A sub-tab is opened for each query sequence within the appearing tab "BLAST Results," as well as an overview of the executed searches.
Click on "Show Alignments" to view the calculated BLAST alignments.
Save the BLAST hits of your choice either via drag and drop to the data pool or by a right click and a click on "Add to pool."
To save your results to an external file, click on "Save selection" or "Save all."

6. Multiple Sequence-structure Alignment

Take a look at your data pool by clicking "Manage dataset" and then the magnifying glass symbol right next to the number of sequences in your pool. Alternatively, you can click on the data pool sign at the bottom left of the website.
Click on a sequence-structure pair in your data pool to view its details.
To create a multiple sequence-structure alignment of all sequence-structure pairs in your pool, click on "Analyze dataset" and then "Sequence & Structure."
Now you are asked to select the graphic mode of your alignment. If your alignment contains only a few sequences, decline the slim mode by clicking "No." Otherwise choose the slim graphic mode by clicking "Yes."
In a few moments, your alignment is shown in a new tab (Figure 2).

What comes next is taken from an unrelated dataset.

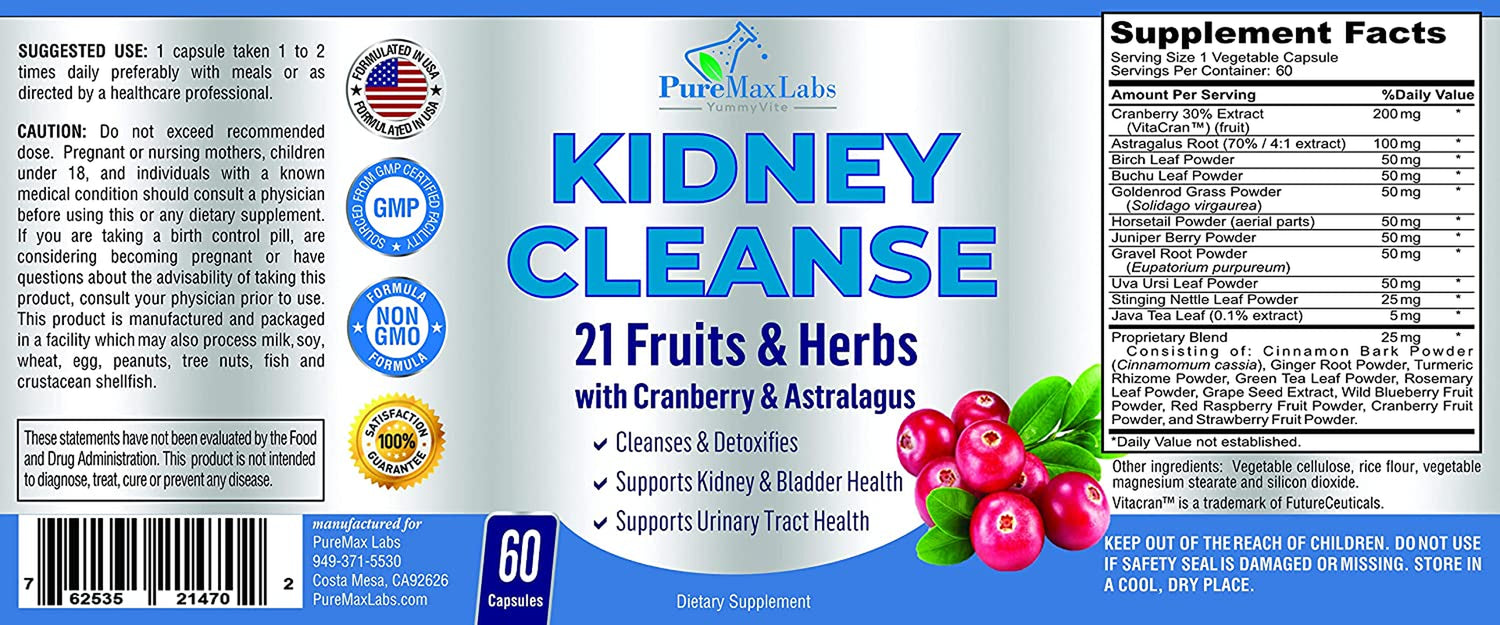 PureMax Labs Kidney Cleanse is a natural herbal kidney support formula made with 21 powerful herbs and fruits including VitaCran Cranberry Extract. Our Kidney Cleanse Capsules help you detox and cleanse gently and naturally.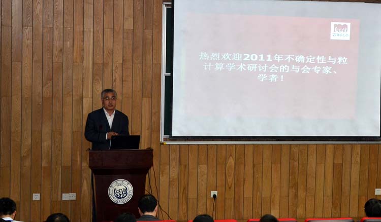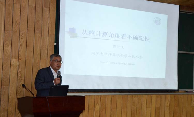 研讨会以“不确定性与粒计算”为主题,8场大会报告中,12位专家围绕粒计算中的不确定性分析与度量、不确定性问题处理的模型及方法、云模型等作了精彩的报告。我校苗夺谦教授也在大会上作了“从粒计算角度看不确定性”的报告。

Moreover, it is automatically saved to the data pool.
To save your alignment to an external file, click on "Save alignment."

7. Phylogenetic Tree

To calculate a sequence-structure based Neighbor Joining tree of your multiple alignment, click on "Analyze Dataset" and then "Neighbor Joining."
The resulting tree is illustrated in a new tab (Figure 3).
Scale your tree freely with the scroll bar "Zoom tree."
Reroot your tree by clicking on a node or leaf of the tree and then "Reroot at this node."
If you want to remove a taxon from your data pool, click on the leaf and choose "Remove this node from pool." Now you can recalculate your alignment and tree with the reduced taxon sampling.
Click on "Save tree" to save your phylogenetic tree as a final result of your analysis to an external NEWICK file.

8. Additional Software

Click on "About this website"-"Tools" to find additional information about the stand-alone tools 4SALE and ProfDistS.
Beside the alignment and Neighbor Joining function provided by the ITS2 Database web interface, you can now access several new functions, e.g. species delimitation based on compensatory base changes (CBCs).

9. Representative Results

The workflow as described above has successfully been applied in several open access surveys^3,4. Examples can be viewed through the following links:

In these large scale studies, we were able to resolve the phylogeny of Chlorophyta as well as Hypnales (Bryophyta) with high resolution. In both cases, an exhaustive taxon sampling was gathered from the ITS2 Database⁹, automatically aligned with 4SALE^15,16 and lastly processed by ProfDistS¹⁷ into a phylogenetic tree. In all these steps, sequence and structure information were used simultaneously. Bootstrap support for the phylogenetic backbone was achieved using Profile Neighbor Joining (PNJ)¹⁹, which is available in the stand-alone version of ProfDistS.

For a smaller set of sequence-structure pairs, figures 1 to 3 describe the key steps of this automated workflow⁵ directly on the new ITS2 Database workbench: taxon sampling, the multiple sequence-structure alignment and eventually the phylogenetic tree calculation.

ITS2 secondary structure prediction diagram; RNA folding analysis and sequence alignment interface.
Figure 1. Taxon sampling per drag and drop. At any time sequences or sequence-structure pairs can be added to the data pool, for instance via drag and drop. Here a sequence-structure is added using drag and drop after secondary structure prediction. The blue ellipse marks the area where the sequence-structure is dropped into the data pool. Click here to view the full-sized version of this image.

Multiple sequence alignment diagram; DNA sequence comparison; bioinformatics analysis.
Figure 2. Multiple sequence-structure alignment in full graphic mode. For the few sequences in the data pool, the full graphic mode was chosen. Bases are colored; base pairs can be highlighted with red circles by clicking on one base or bracket of a base pair. Click here to view the full-sized version of this image.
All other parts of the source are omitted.